_Action item_
Could you copy exactly the lines from the one containing "Nur am 15.03." through the last line of the records, leaving out every picture?

Data supplied section start

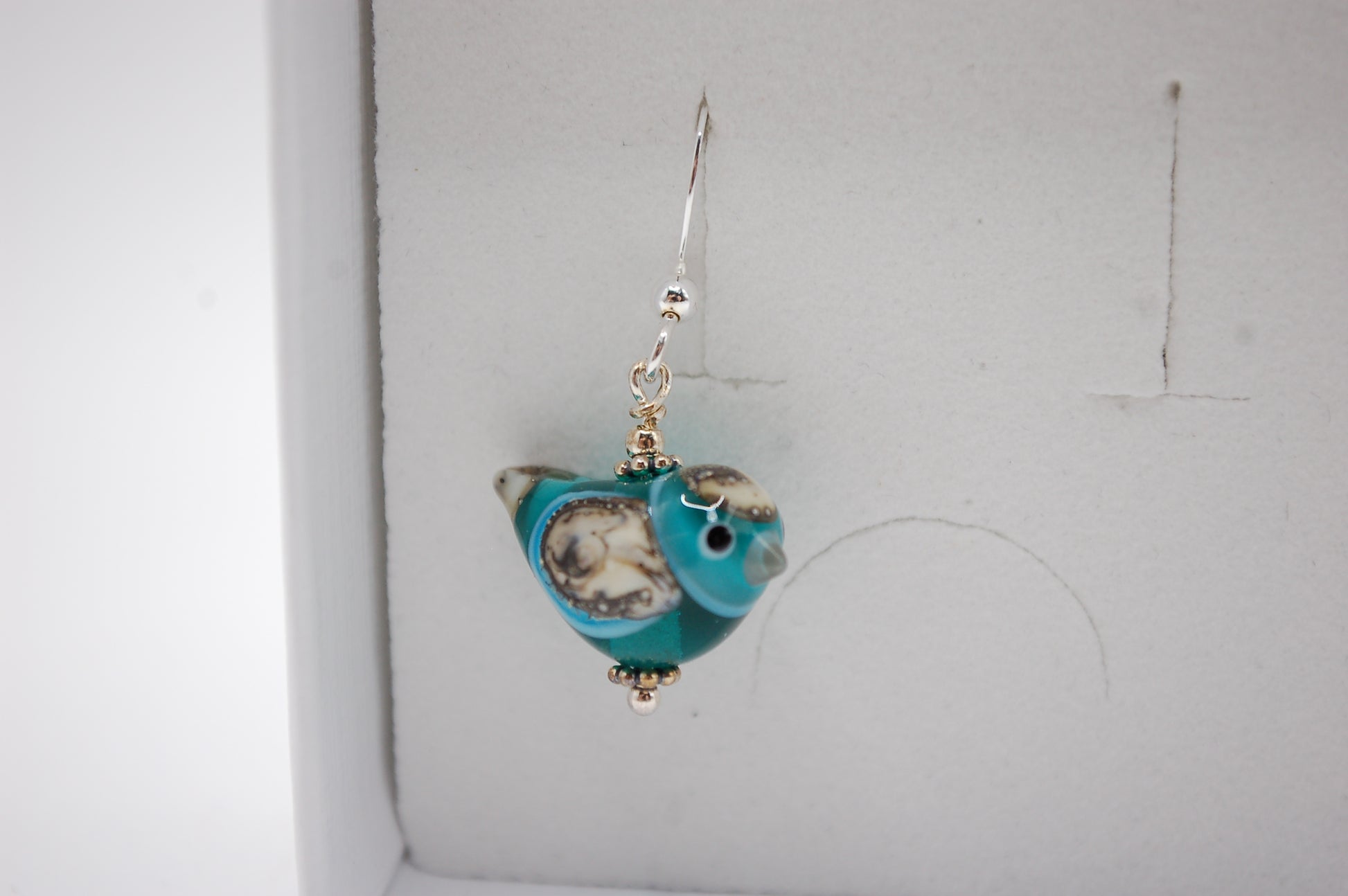 Örhängen Fågel i Glas - Turkos Fantasifågel - Marianne Degener
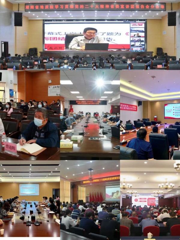 根据省委统一部署,11月11日下午,澳门新葡京学习贯彻党的二十大精神省委宣讲团报告会在长沙举行。省委宣讲团成员、省委组织部副部长、省党建研究会会长赵凯明作宣讲报告,亚洲最大线上娱乐城党委书记谈文胜主持报告会。报告会以视频方式召开,设1个主会场、41个分会场,地质院系统包括院领导、巡视员、机关副处级以上干部、院属单位班子成员共1631人参加。
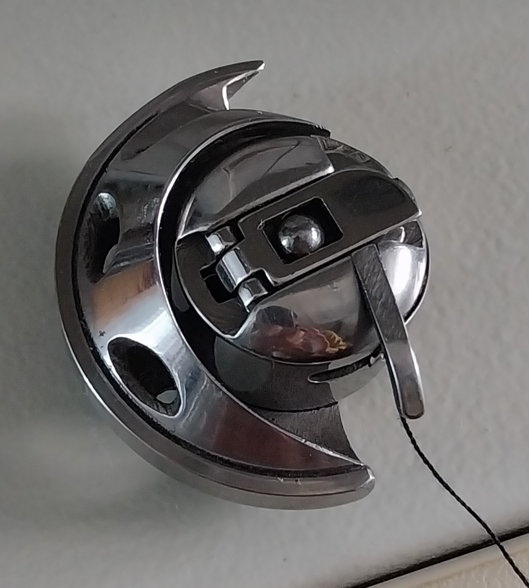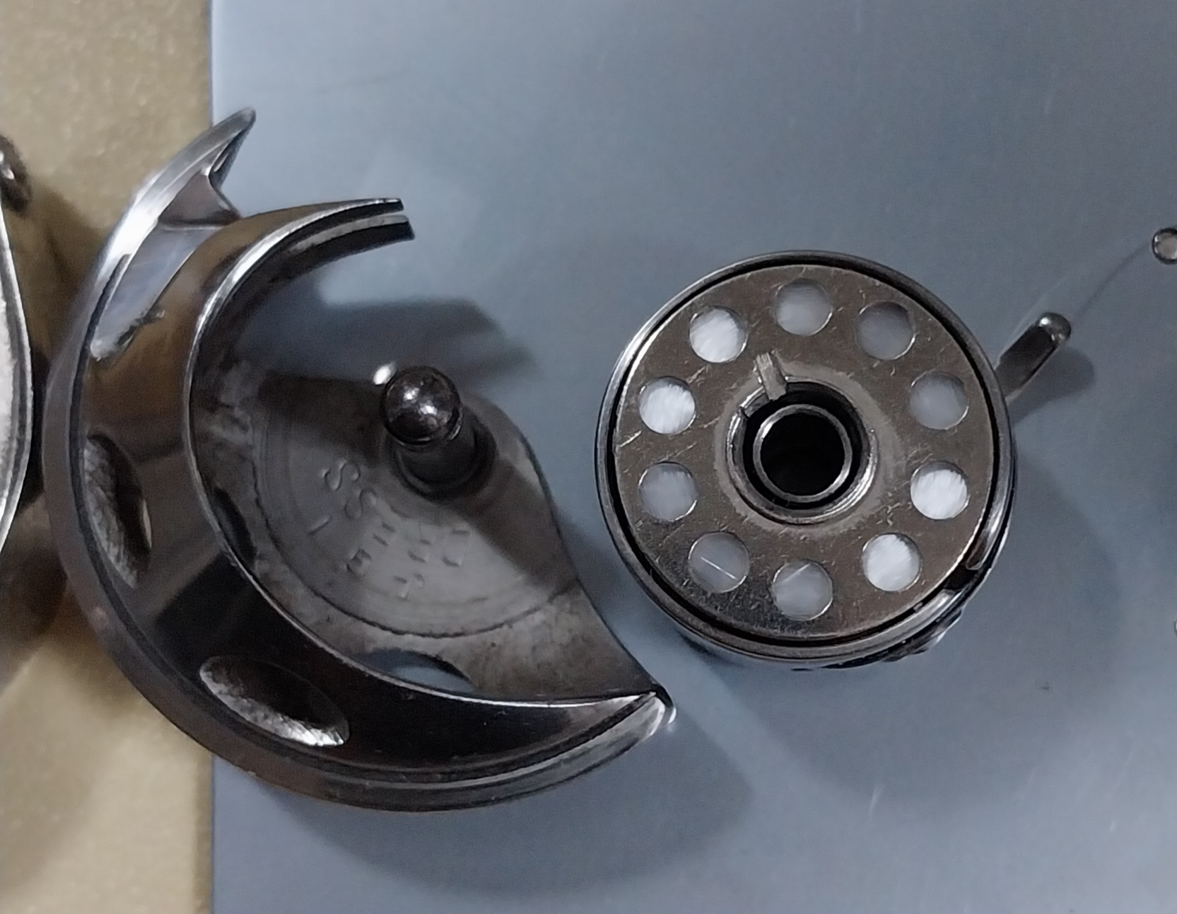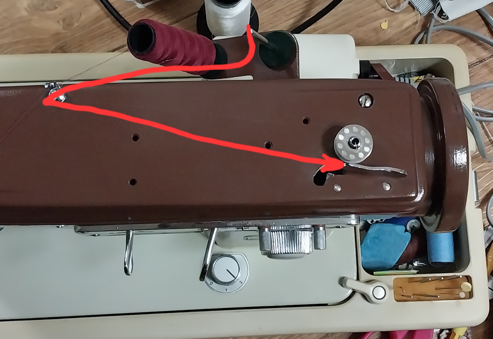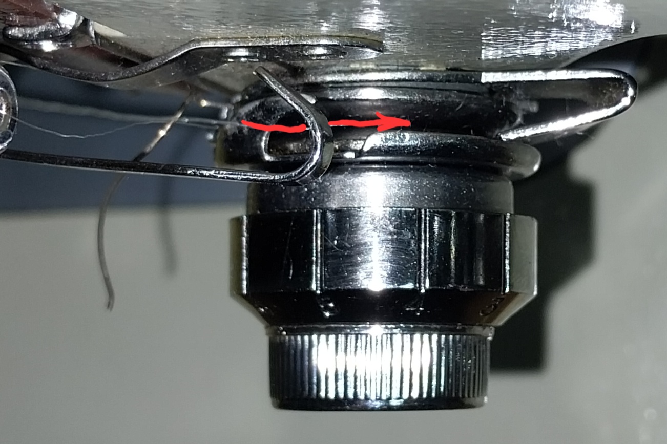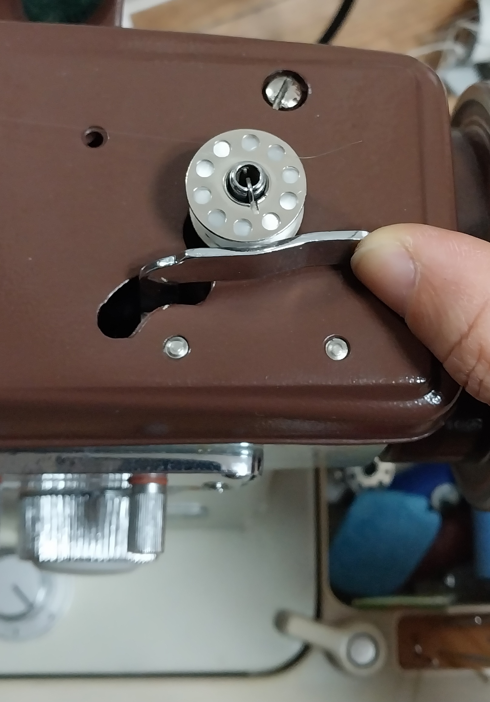 풀리를 화살표 방향으로 풀면, 바늘은 안움직이고, 밑실만 감긴다.
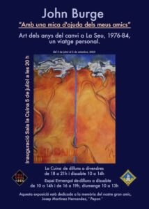REDACCIÓ (La Seu d’Urgell).- Aquest dissabte, 5 de juliol, tindrà lloc a la Seu d’Urgell la inauguració de l’exposició ‘Amb una mica d’ajuda dels meus amics’, John Burge, artista australià arrelat a l’Alt Urgell, que la dedica a la memòria de Josep Martínez Hernández, ‘Pepon’.
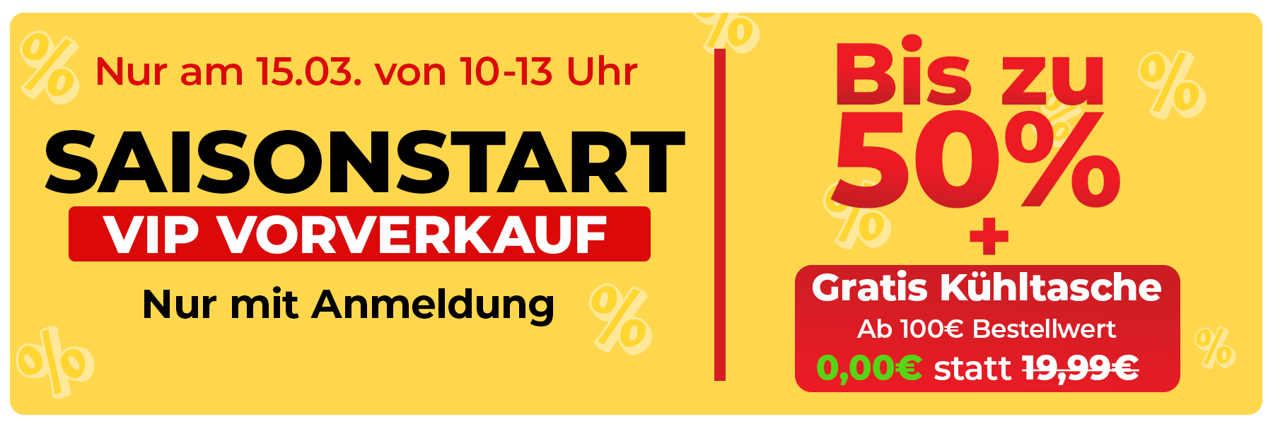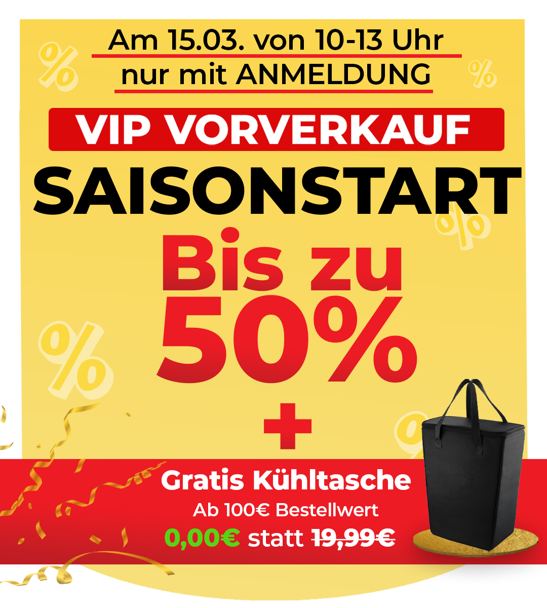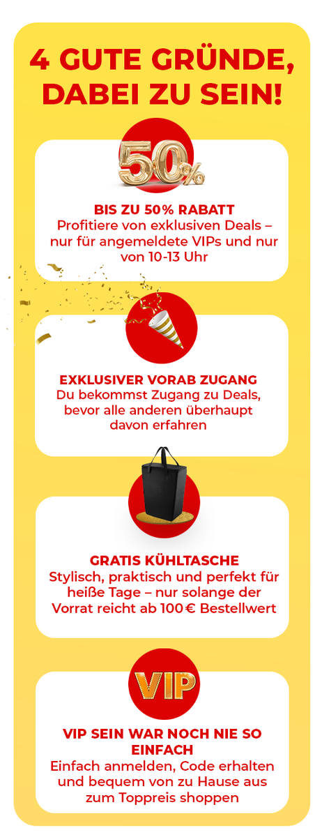 Nur am 15.03. von 10–13 Uhr erhältst Du exklusiven Frühzugang zu unseren besten Angeboten – bis zu 50% Rabatt 🎉 und eine Gratis Kühltasche ab 100€ Bestellwert 🎁.
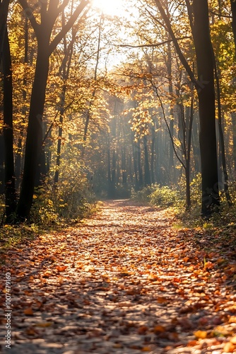 Obraz premium Sunrays shining through trees on a path in the forest, autumn leaves on ground
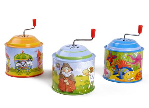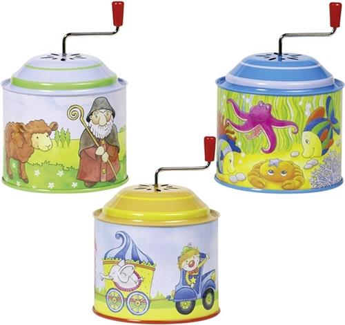 Draai aan de zwengel op dit blikken doosje en je hoort een muziekje. Dit Goki Muziekdoosje is geschikt voor kinderen vanaf 12 maanden tot 3 jaar. Het heeft een kleurrijk ontwerp in meerdere kleuren, en is gemaakt van stevig metaal. De afmetingen van dit muziekdoosje zijn 7,50 cm x 10,50 cm x 7,50 cm, perfect voor kleine handjes om mee te spelen.
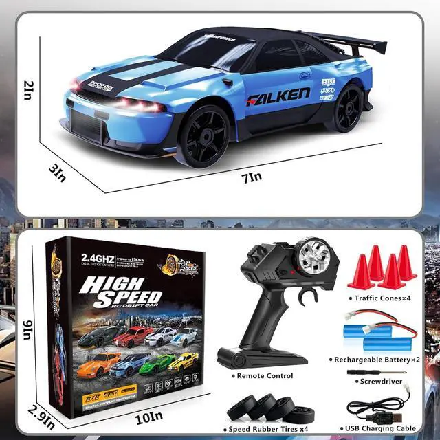 THE BEST GIFT: Cool LED Light remote control car, you can not only play the drifting car with the remote control, but also put it on the display shelf as an exhibit. Remote control cars can exercise children' s handling skills, as well as hand-eye coordination, which is a perfect christmas birthday holiday gift for boys, girls and adults
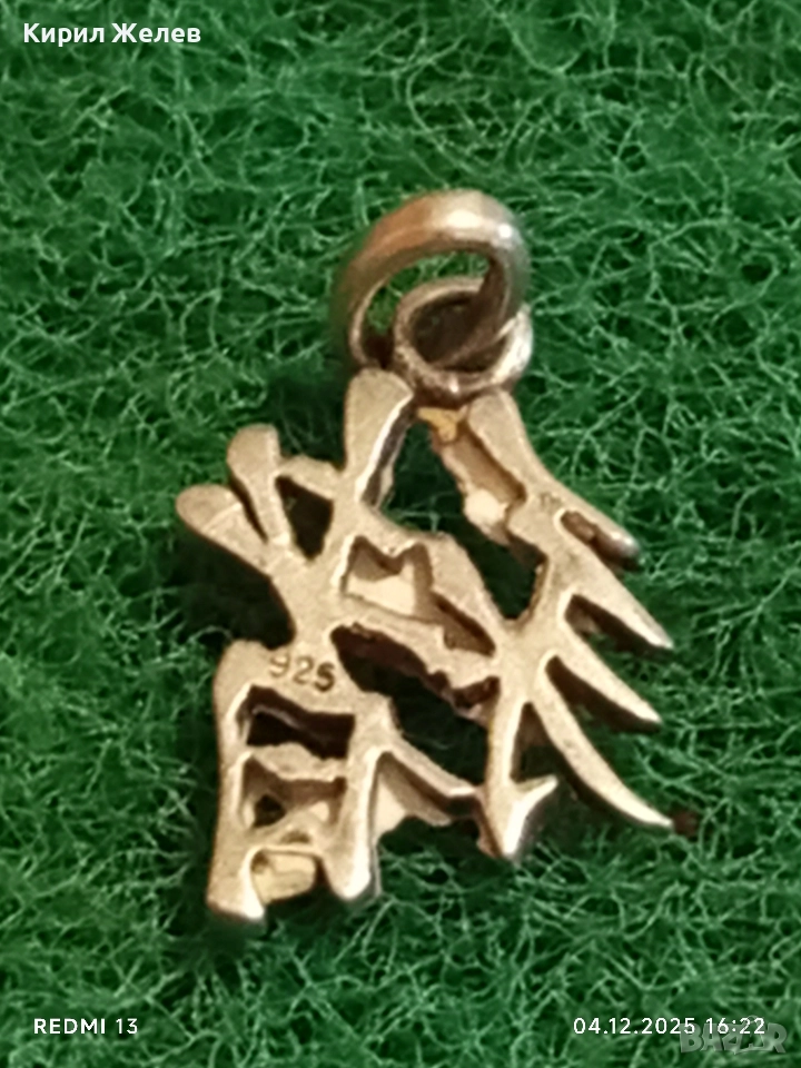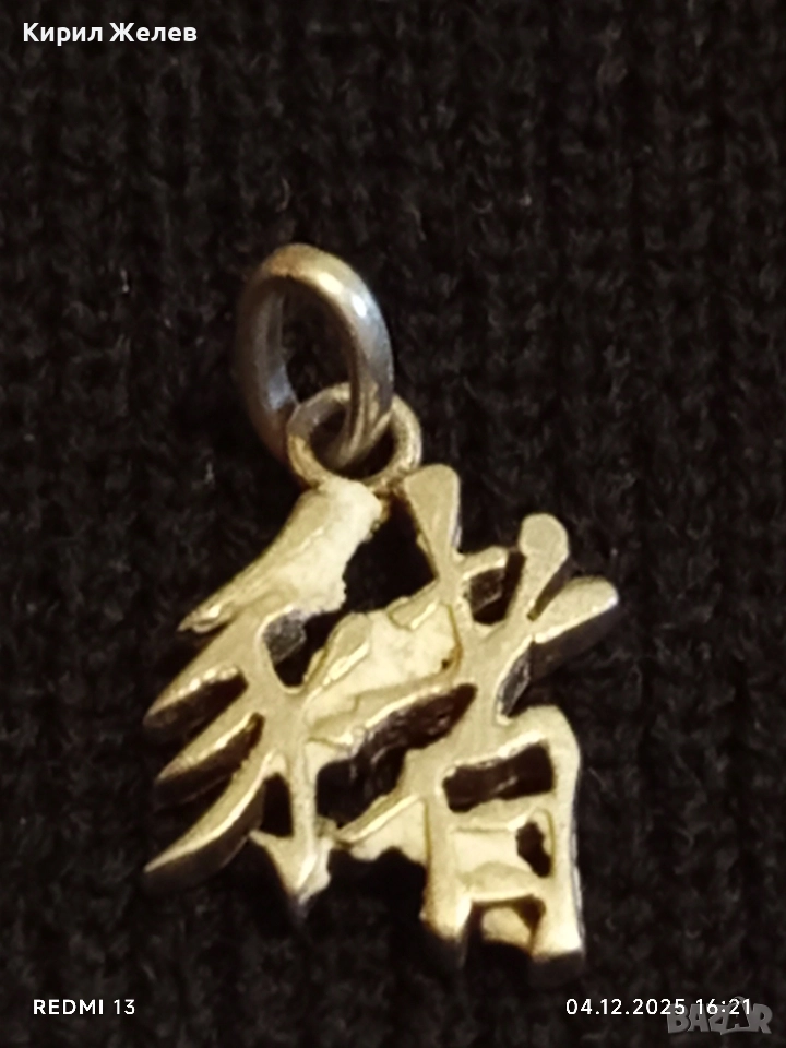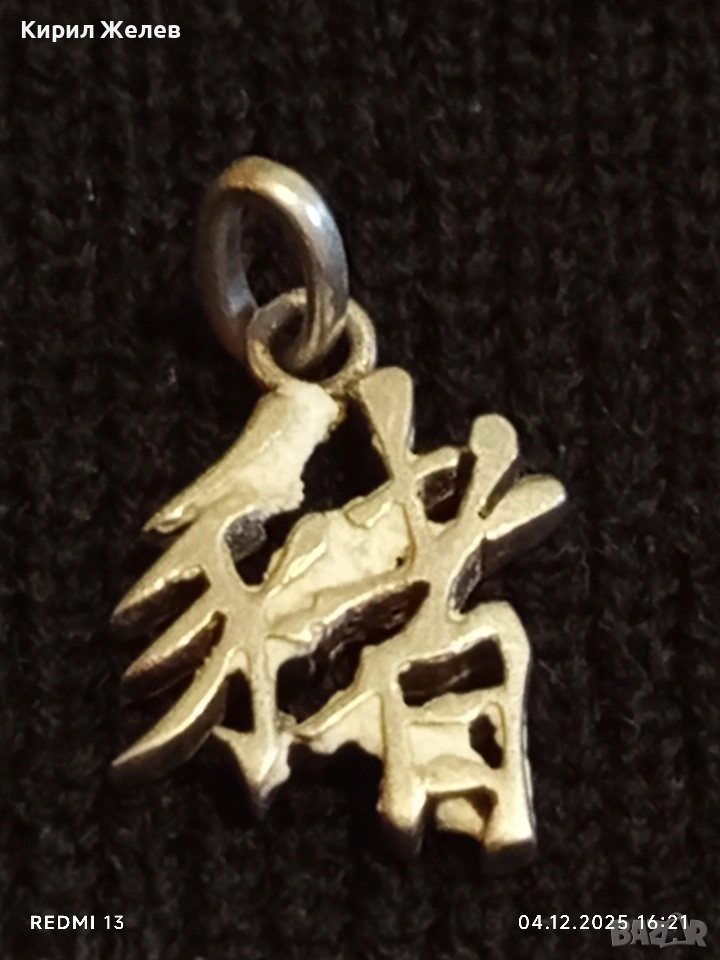Сребърен медальон с Китайски йероглиф майсторска изработка 52351

Data supplied section end

_Your solution_
 Nur am 15.03. von 10–13 Uhr erhältst Du exklusiven Frühzugang zu unseren besten Angeboten – bis zu 50% Rabatt 🎉 und eine Gratis Kühltasche ab 100€ Bestellwert 🎁.
 Obraz premium Sunrays shining through trees on a path in the forest, autumn leaves on ground
 Draai aan de zwengel op dit blikken doosje en je hoort een muziekje. Dit Goki Muziekdoosje is geschikt voor kinderen vanaf 12 maanden tot 3 jaar. Het heeft een kleurrijk ontwerp in meerdere kleuren, en is gemaakt van stevig metaal. De afmetingen van dit muziekdoosje zijn 7,50 cm x 10,50 cm x 7,50 cm, perfect voor kleine handjes om mee te spelen.
 THE BEST GIFT: Cool LED Light remote control car, you can not only play the drifting car with the remote control, but also put it on the display shelf as an exhibit. Remote control cars can exercise children' s handling skills, as well as hand-eye coordination, which is a perfect christmas birthday holiday gift for boys, girls and adults
Сребърен медальон с Китайски йероглиф майсторска изработка 52351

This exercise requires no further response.